The recent advances in drilling activities in shale plays have led to unprecedented challenges that need to be addressed to improve the drilling performance. One of the challenges, experienced especially in the Bakken formation, is a very high rate of drillpipe body wear. The drillpipe body wears out more quickly than the tool joints, thus reducing the life of the tube. Consequently, a mechanism to analyze the pipe body contact would be useful in understanding the downhole scenario and would help to reduce the wear.
This study uses the finite element analysis to perform a step-by-step investigation of the drillpipe body wear during the drilling of a typical Bakken well using field data. The model helps to calculate the clearance of the center of the pipe body from the wellbore for each joint of pipe and further estimates the side force if there is any contact. The side force analysis is then used to predict the downhole wear in the pipe body under the given drilling parameters.

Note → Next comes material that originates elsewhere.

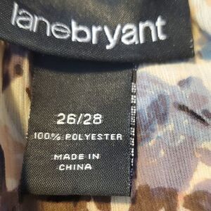 (II) Lane Bryant Floral Pink & Brown Top with ruffle collar. No flaws, size 26/28
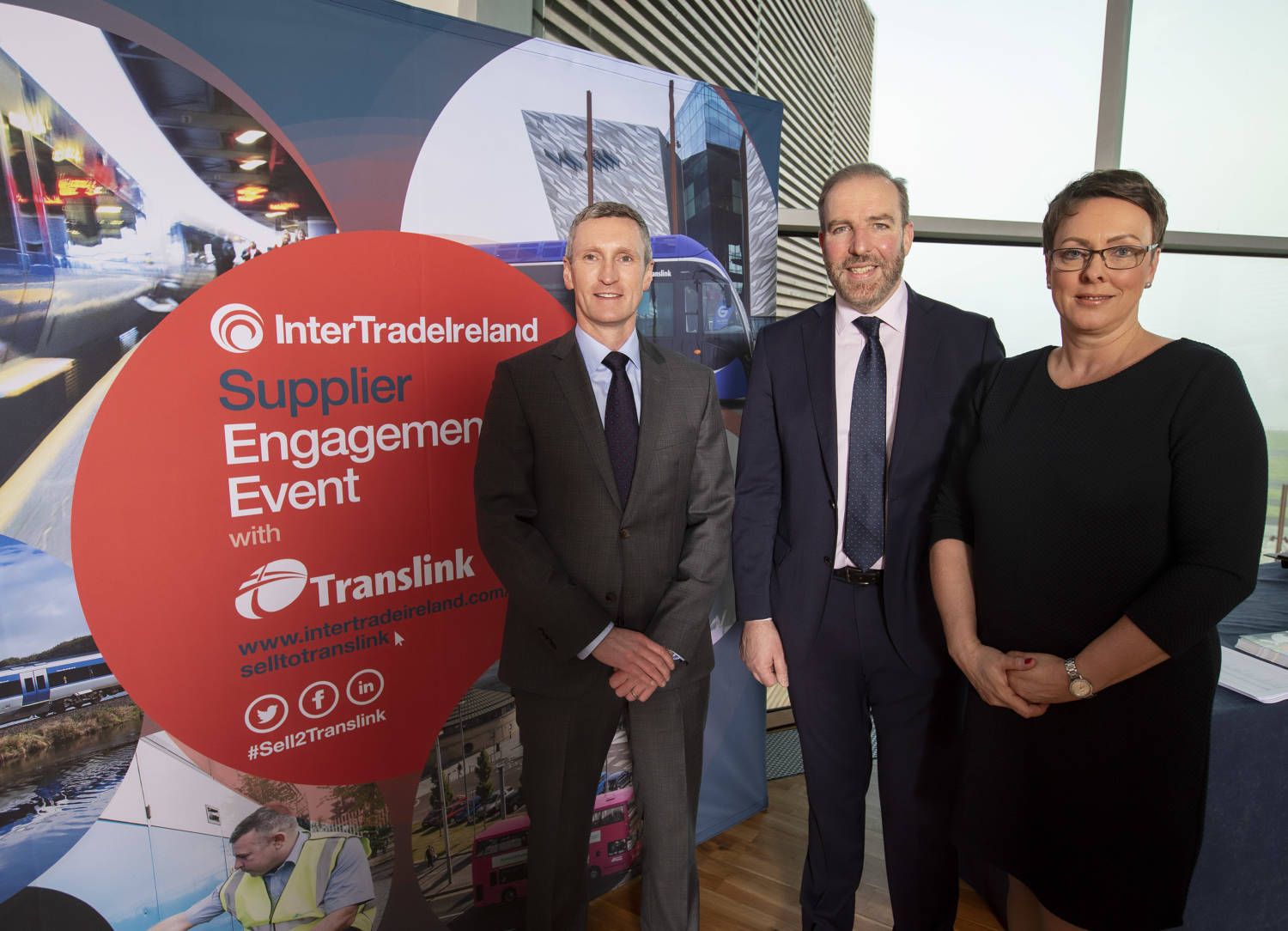 Pictured opening the event are l-r Translink’s Chief Financial Officer Paddy Anderson, InterTradeIreland Chairperson Ken Nelson MBE and Translink’s Head of Procurement Tricia Massey.

The field case study presented compares the performance of 4-in., 4¼-in., and 4½-in. drillpipe from the kickoff point in the 8¾-in. build section. It also analyzes the 4-in. and 4¼-in. drillpipe in the 6-in. lateral section to the target depth. The study also critically examined the influence of drilling parameters on pipe performance to better understand downhole conditions. Based on this analysis, recommendations are provided to mitigate drillpipe body wear for shale drilling environments. This study has the potential to be fully implemented to improve the drill string design in shale plays to reduce drilling times, increase drilling efficiency, and reduce costs by maximizing the life of the drillpipe.